Arrival in Kansas City
Every year, the process improves. Our routines are updated, our habits are tuned. Our itineraries become more focused, our daily efforts more considered. These adjustments to our annual father-and-son ballpark odysseys give us better experiences, easier days, and more time to rest during three whirlwind weeks on the road.
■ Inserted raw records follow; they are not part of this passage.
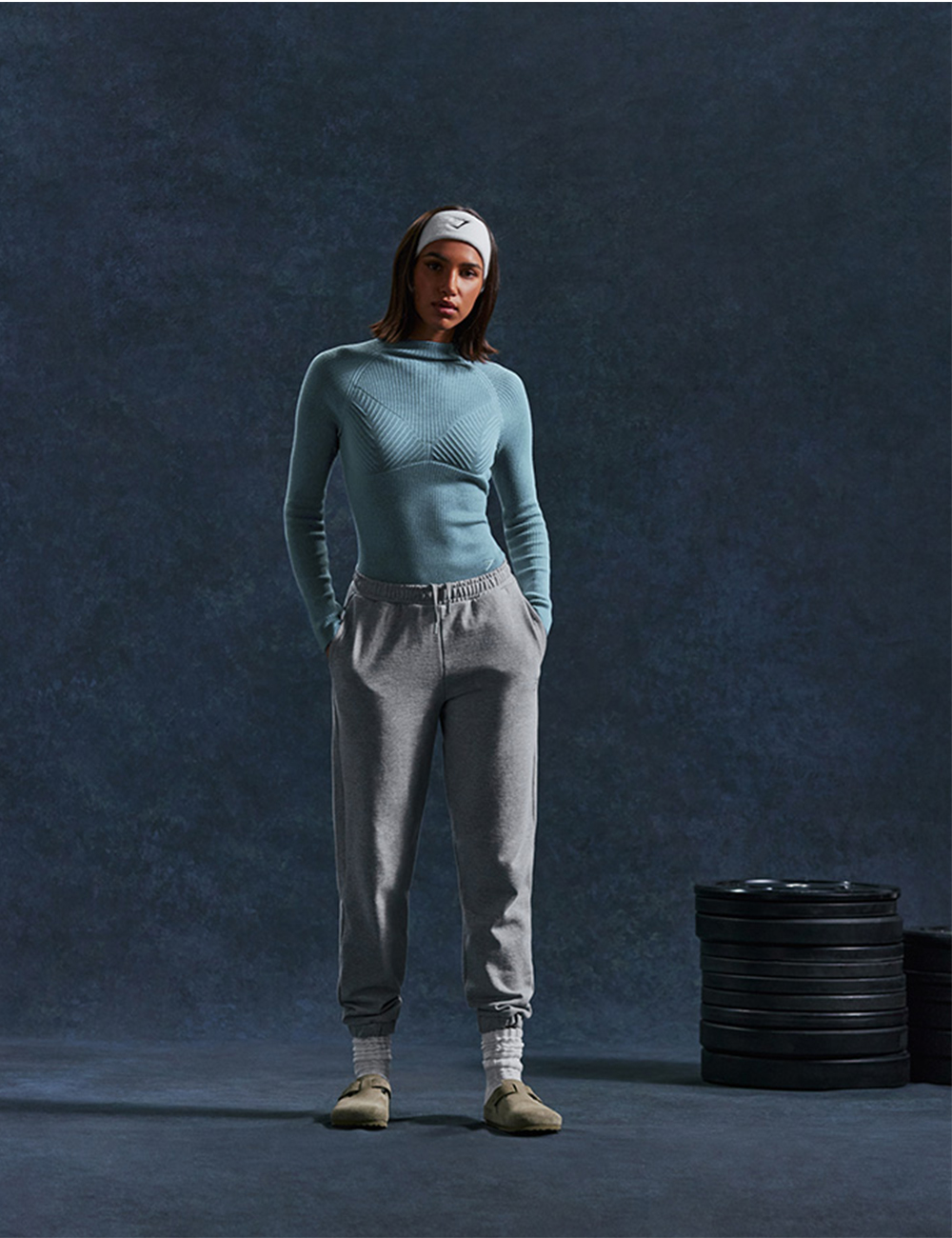 Left: Wears Rest Day Sweats Joggers in Grey, Rest Day Seamless Turtleneck in Charred Blue, Sharkhead Headband in White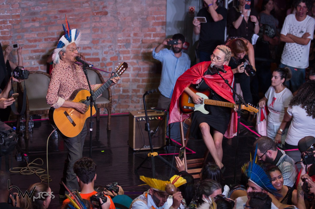Caetano Veloso e Maria Gadú durante evento de lançamento da pré candidatura de Guilherme Boulos, líder do Movimento dos Trabalhadores Sem Teto (MTST), na Casa das Caldeiras, em São Paulo (SP), neste sábado (03). Boulos se filiará ao PSOL e terá a líder indígena Sonia Guajajara como vice na chapa.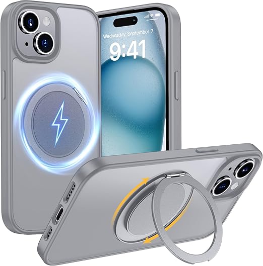 Aunote iPhone 15 ケース MagSafe対応 耐衝撃 360°回転スタンド 縦横両対応 マグネット搭載 黄変防止 マット感 アイフォン15 カバー 6.1インチ 半透明・グレー a
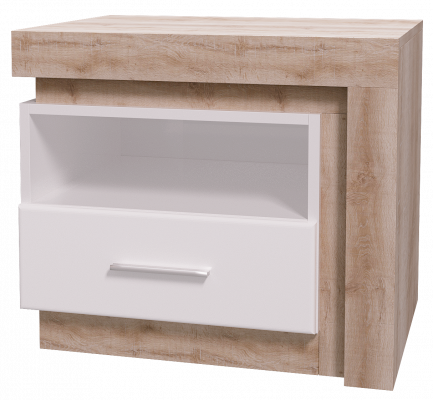 - Коллекция представлена в следующем цветовом решении: Корпус ЛДСП 16 мм  в декоре «Дуб Сакраменто» и фасад МДФ 16 мм в декоре  «Белый снег глянец»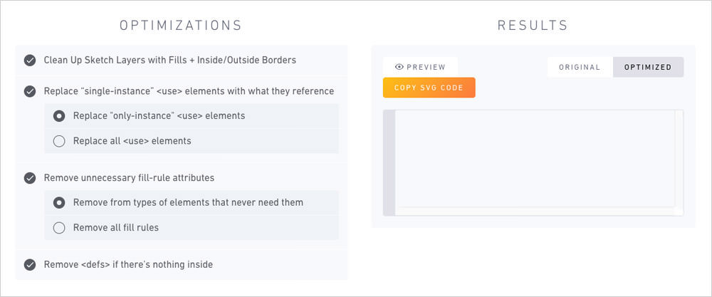SVGito 是一款用来优化 Sketch 生成的SVG文档的实用小工具,将你生成的SVG 文档的相应代码粘贴到 SVGito 当中,就能返还给你优化好的代码。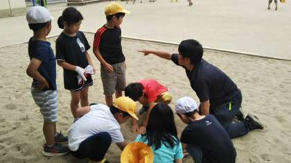 運動場からは子どもたちの元気な声とともに、元気な?先生の声も聞こえてきます…。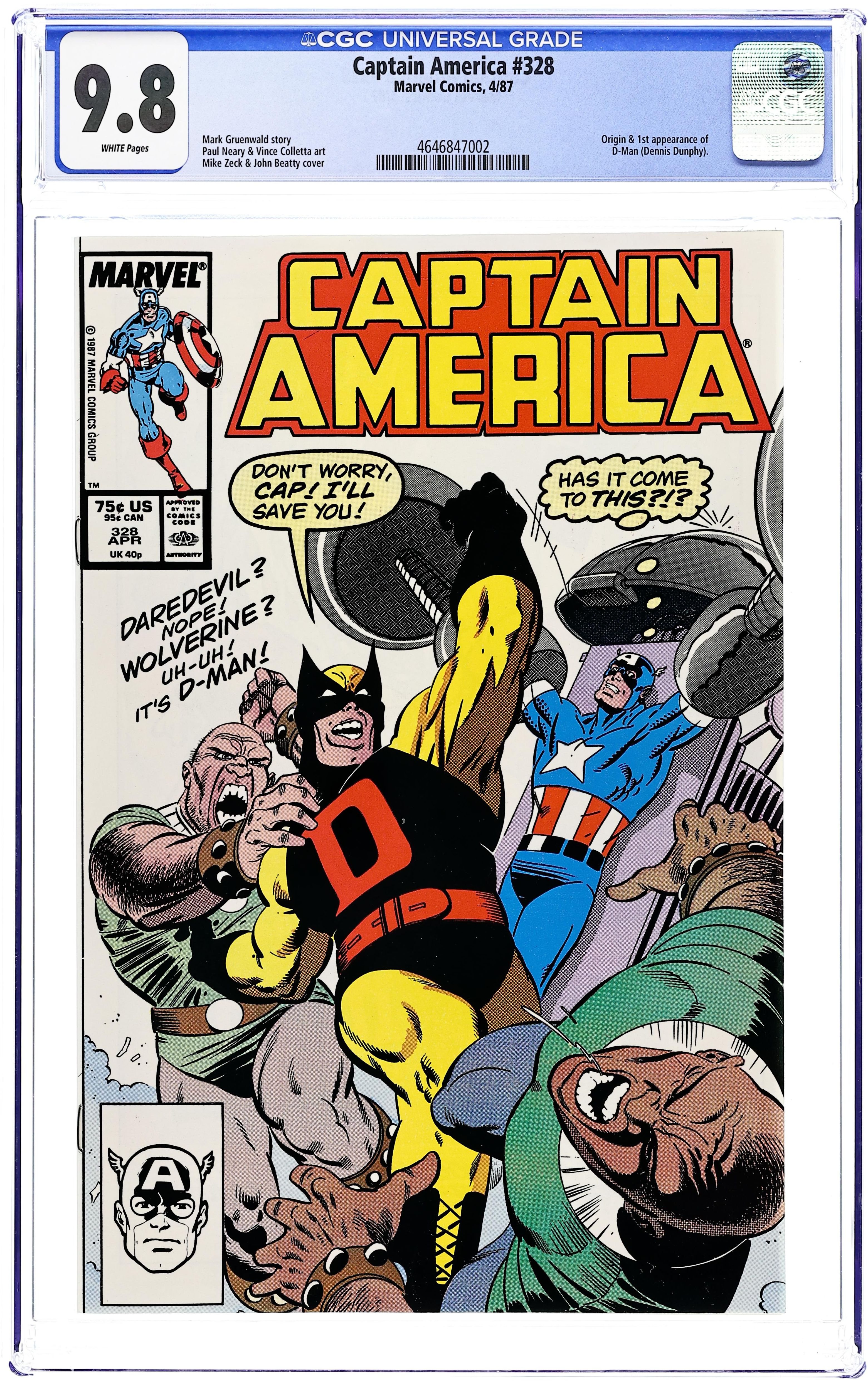 1st appearance & origin of D-Man. "The Hard Way!" Story by Mark Gruenwald. Art by Paul Neary and Vince Colletta. Cover by Mike Zeck and John Beatty. Captain America pays a visit to the Unlimited Class Wrestling Federation training center and meets Dennis Dunphy (aka Demolition Man). The duo decides to work together to find the mysterious Power Broker, but first they encounter Dr. Karl Malus. Cap is offered the opportunity to have his strength augmented. What choice will he make? First appearance and origin of Demolition Man. 36 pages Cover price $0.75.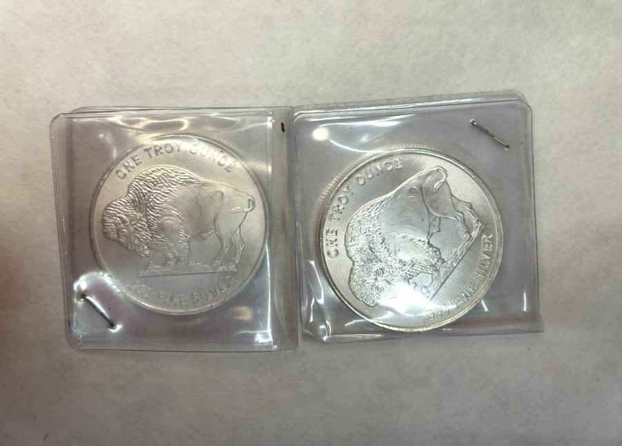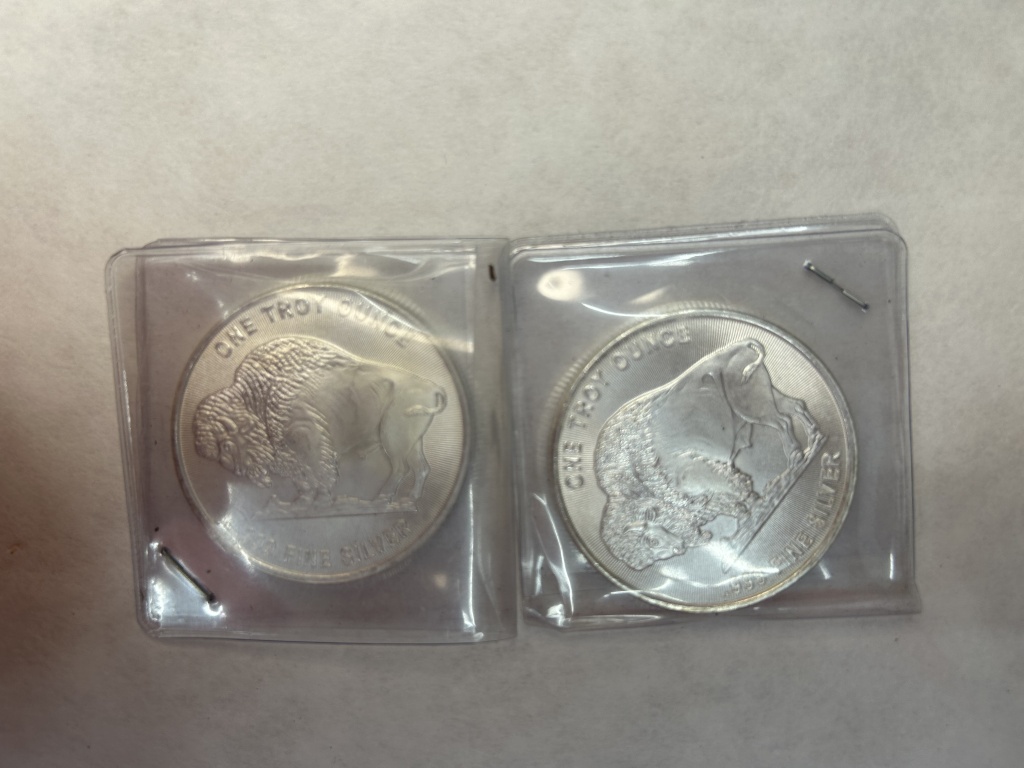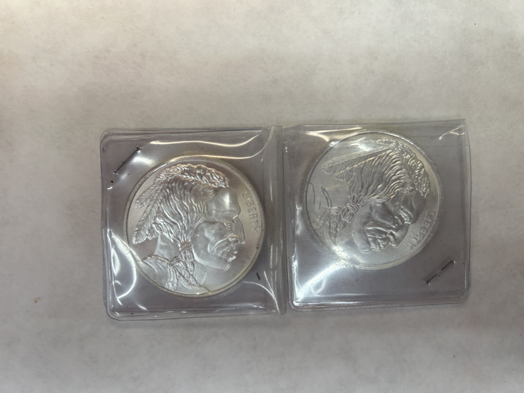 LOT OF 2 ONE TROY OUNCE COINS .9999 FINESILVER COIN

Our 2025 Western Midwest Baseball Road Trip began with a process change. Dad lives an hour from Portland; I live in the Bay Area in California. On our first big ballpark road trip in the Carolinas in 2021, we tried to meet in Charlotte via different flights; mine arrived on time, his was delayed by hours. The next year was the Northwest Baseball Road Trip, and he picked me up in Portland in his own car for that 16-ballpark journey. In 2023 (Mid-Atlantic) and 2024 (Eastern Midwest), Dad flew down to spend the night at my house before we departed together to begin our travels. This at least ensured that we would arrive at our destination at the same time, but I didn’t love making Dad take an extra solo flight to do it.
This time — for our grand tour of the Western Midwest to see 20 ballparks in 21 days — I flew up to Portland, where Dad and I had dinner with his wife, plus my son and his girlfriend, before the two of us bunked down in a hotel near PDX — the first of 18 hotel rooms we would share over the next three weeks. This alteration not only gave us a nice family dinner but made our mid-morning flight to Kansas City the next day a simple logistical prospect.
We arrived at the airport wearing coats, not just because of the wet Kansas City forecast, but because of another lesson learned from previous trips: On our cross-country flight to Washington, D.C. in 2023, we both wore polo shirts and shorts — it was hot where we were headed, after all! — and caught colds in the chilly airplane cabin that made the first week of our ballpark tour something of a struggle.
We arrived in Kansas City and set off in our rental car with barbecue on our mind. We rarely eat dinner outside of a ballpark on these trips, so we made the most of it at Q39, one of the top-rated barbecue spots in a city famous for smoked meats.
The restaurant was founded by the late Rob Magee, a Culinary Institute of America graduate who moved to Kansas City in 2000 to become Executive Chef of Hilton Hotels. On the side, Magee formed a barbecue competition team called the Munchin’ Hogs — an apt description of our imminent itinerary — which won regional and national championships. In 2014, he opened the first of his two barbecue palaces in Kansas City. We had come to the original on 39th Street in Midtown, the inspiration for the restaurant’s name.
It’s clear Q39 is a local favorite — new arrivals were told there would be a one-hour wait, and nobody seemed to be walking away. We had timed our reservations well and were soon within the bustle, a packed bar to one side and an open scratch kitchen on the other.
My first-ever Kansas City barbecue experience demanded that I sample a variety of the genre’s biggest hits. I ordered the Judge’s Plate — a nod to Magee’s competition history — with two meaty ribs, four slices of beef brisket, and generous hunks of pulled pork. I slathered all of it in Q39’s sweet and smoky barbecue sauce. I paired this hearty trio with sides of Mexican street corn and apple slaw.
We smiled our way through dinner, thrilled with our perfect start and excited for an eventful three weeks on the road. Dad was so happy that he sought out the manager to praise him and his hard-working crew.
Hearts and bellies full, we drove to our hotel in Kansas City, Kansas, close to the site of our first game the next day with the storied Kansas City Monarchs. And then it would be on, 20 ballparks in 21 days.